As I collect all of our allergy child's previous test results I can't help but think of my feelings during those times. As a mother to a child with multiple allergies my emotions have been on a constant roller coaster. I feel as though every time I begin to feel confident and allow myself to lower my guard, a reaction occurs. So I get caught up in this never ending cycle of confidence, guilt, worry, and borderline craziness.
I'm haunted by other stories of fatal and near fatal reactions. A little girl at recess being given a peanut by a friend, a little boy in school being given a peanut butter granola bar, a little girl eating a sandwich that contained cross contamination, the teenager that ate the "safe" brownie (cross contamination), the little boy that ate a "safe" cookie (cross contamination), the adult that ate a "safe cookie" (cross contamination), the adult male that ate at a restaurant after describing in detail his allergies.
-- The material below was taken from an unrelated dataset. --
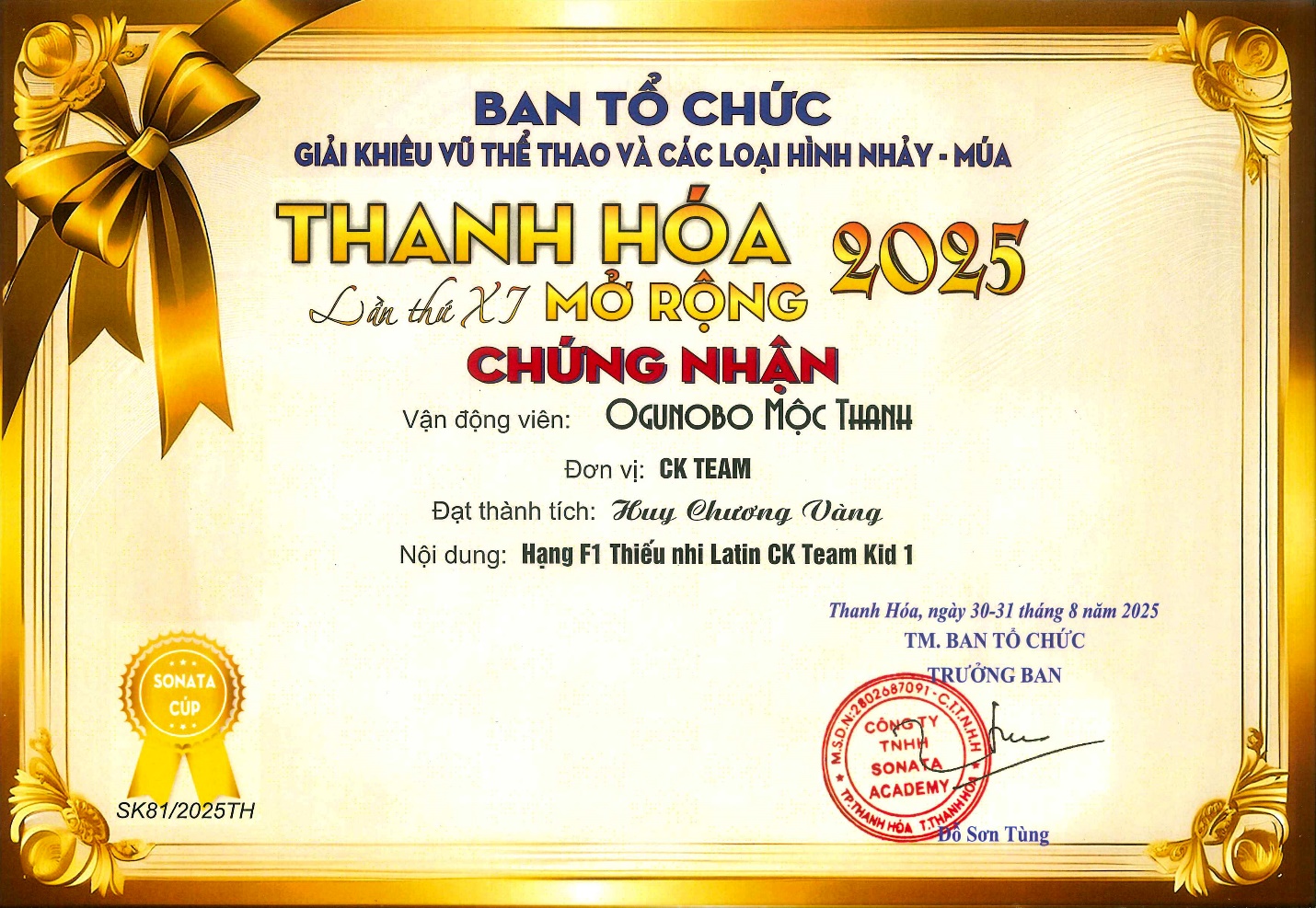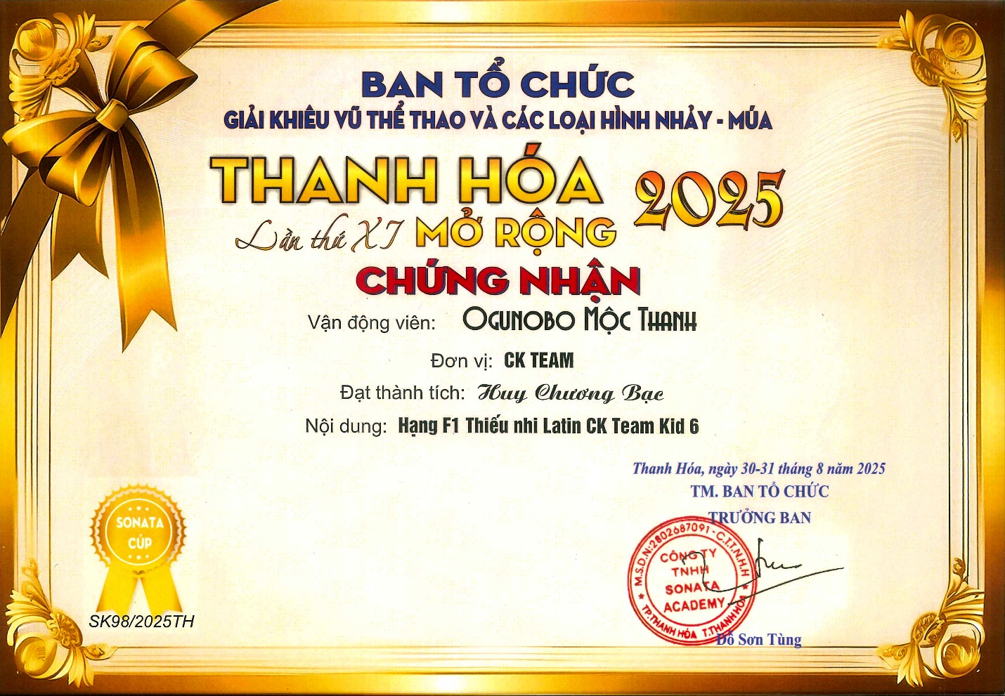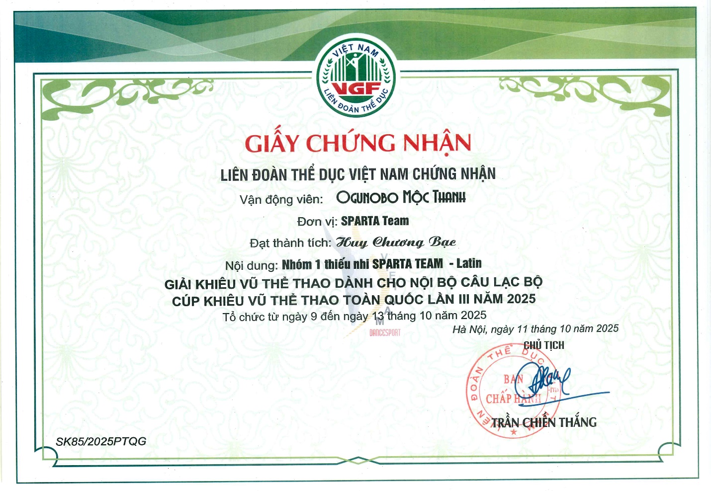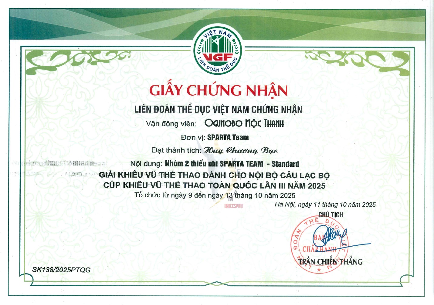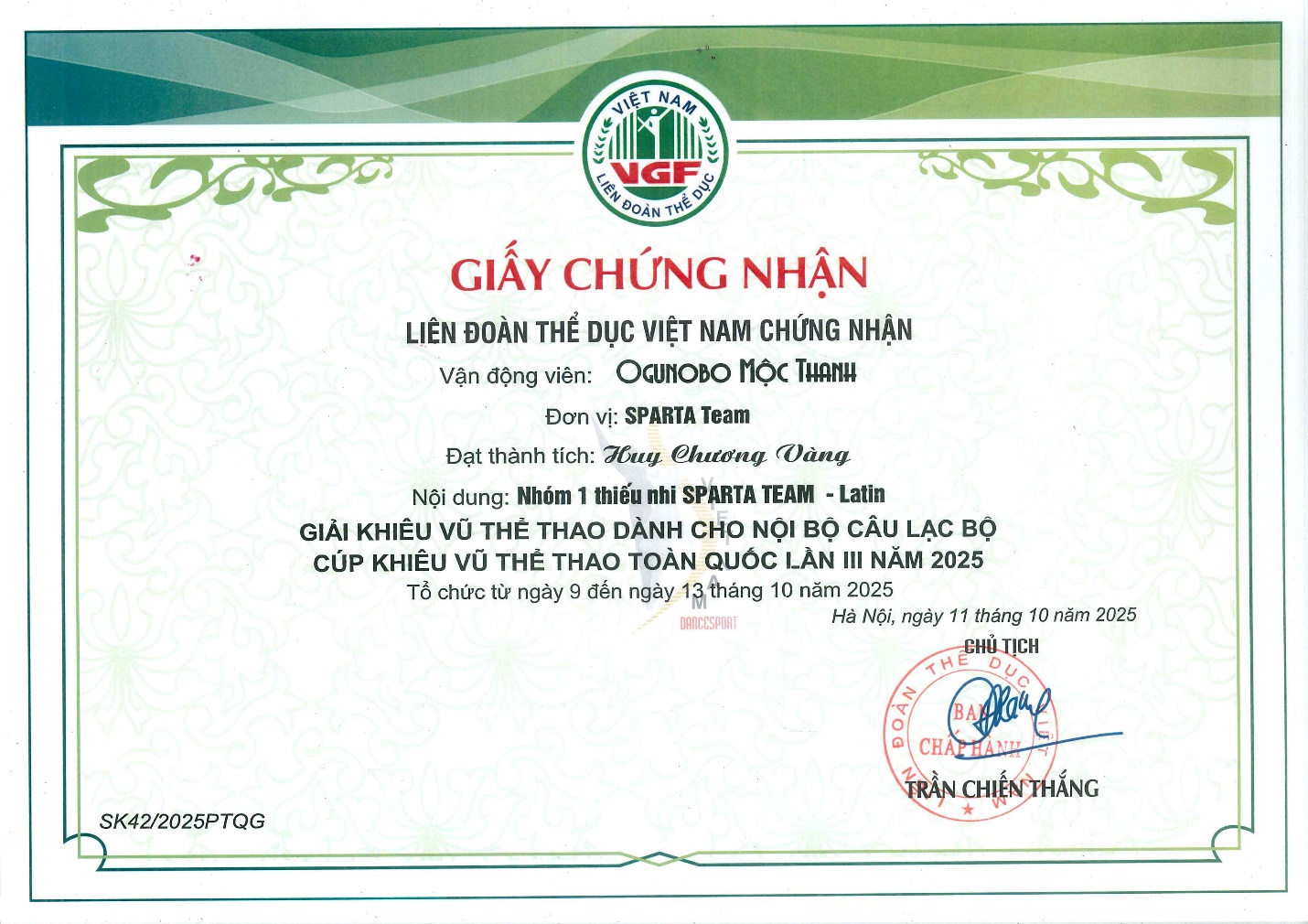 🥇 Huy chương Vàng tại Giải Khiêu vũ thể thao Thanh Hóa mở rộng 2025.

All of these stories cross my brain each and every day.
It is because of these feelings and stories that I am unable to allow our allergy child to eat at restaurants. It is because of these stories that I allow very, very, few people to watch my son. These stories are double edged swords. On one hand it is because of these fatal reactions that so many more parents (including myself) are more aware of how to handle their child with allergies. However, it is on the other hand that these same stories haunt my dreams at night.
I am starting to feel that very same thing about this blog. Before I started writing about our experiences, it was much easier for me to let it go. However, now I feel as though my brain is constantly thinking about allergies. If I'm not thinking about the safety of my son, or what I'm going to make him to eat, then I'm thinking about what my next post should be about. It doesn't help that I have 'liked' numerous allergy awareness sites on Facebook. It makes it downright impossible for me to just let it go. I'm still trying to figure out if that's a good thing or not. Because like I said, when I do let my guard down, a reaction is almost inevitable. I guess all I can do is learn to deal with it.